Studio album by the Rolling Stones
- Released: 8 December 1967
- Recorded: 9 February – 23 October 1967
- Studios: Olympic, London
- Genres: Psychedelic pop; acid rock; experimental rock; psychedelic rock;
- Length: 44:03
- Label: Decca
- Producer: The Rolling Stones

The Rolling Stones UK chronology
| Between the Buttons (1967) | Their Satanic Majesties Request (1967) | Beggars Banquet (1968) |

The Rolling Stones US chronology
| Flowers (1967) | Their Satanic Majesties Request (1967) | Beggars Banquet (1968) |

Singles from Their Satanic Majesties Request
- "In Another Land" / "The Lantern" Released: 2 December 1967; "She's a Rainbow" / "2000 Light Years from Home" Released: 23 December 1967;

= Their Satanic Majesties Request =

Their Satanic Majesties Request is the sixth studio album by the English rock band the Rolling Stones, released in December 1967 by Decca Records in the UK and by London Records in the United States. It was the first Rolling Stones album released in identical versions in both countries. The title is a play on the "Her Britannic Majesty requests and requires" text that appeared inside a British passport.

The band experimented with a psychedelic sound, incorporating unconventional elements such as Mellotron, sound effects, string arrangements, and African rhythms. Its lyrics draw on dreamlike imagery and science-fiction themes, with subjects including the loss of individual identity in a futuristic society, space travel, distance, loneliness, and alienation. The band members produced the album themselves as their manager/producer Andrew Loog Oldham had departed. The prolonged recording process was marked by drug use, court appearances, and jail terms by members of the band. The original LP cover features a lenticular image by the photographer Michael Cooper. Following the release, the Rolling Stones abandoned their psychedelic style for a stripped-down return to their roots in blues music.

The album initially received mixed reviews.
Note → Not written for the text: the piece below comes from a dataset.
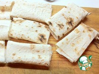 Листы лаваша делим на полосы. У меня получилось восемь полос размером 30*15 см. Сворачиваем из них кулёчки, дно подгибаем. |
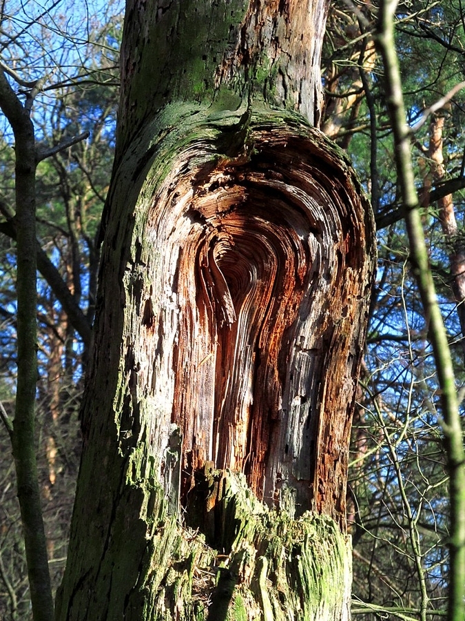 Ta wyrwa w drzewie (na zdjęciu) niewątpliwie spowodowana została odłamaniem się gałęzi od pnia. Gdy ją dostrzegłem natychmiast skojarzyłem sobie z kapliczka zawieszoną na drzewie.

It was criticised as being derivative of the contemporaneous work of the Beatles, particularly their May 1967 release Sgt. Pepper's Lonely Hearts Club Band, with the similarities extending to the LP's cover. In subsequent decades, however, the album's reception has been more favorable.

==Recording==
Recording of Their Satanic Majesties Request began just after the release of Between the Buttons on 20 January 1967.
Because of court appearances and jail terms, the entire band was seldom present in the studio at one time, making recording of the album lengthy and disjointed. Band members frequently arrived with guests in tow, further interfering with productivity. One of the more level-headed members of the band during this time, Bill Wyman, wary of psychedelic drugs, wrote the song "In Another Land" to parody the Stones' current goings-on. In his 2002 book Rolling with the Stones, Wyman describes the situations in the studio:

Every day at the studio it was a lottery as to who would turn up and what – if any – positive contribution they would make when they did. Keith would arrive with anywhere up to ten people, Brian with another half-a-dozen and it was the same for Mick. They were assorted girlfriends and friends. I hated it! Then again, so did Andrew (Oldham) and just gave up on it. There were times when I wish I could have done, too.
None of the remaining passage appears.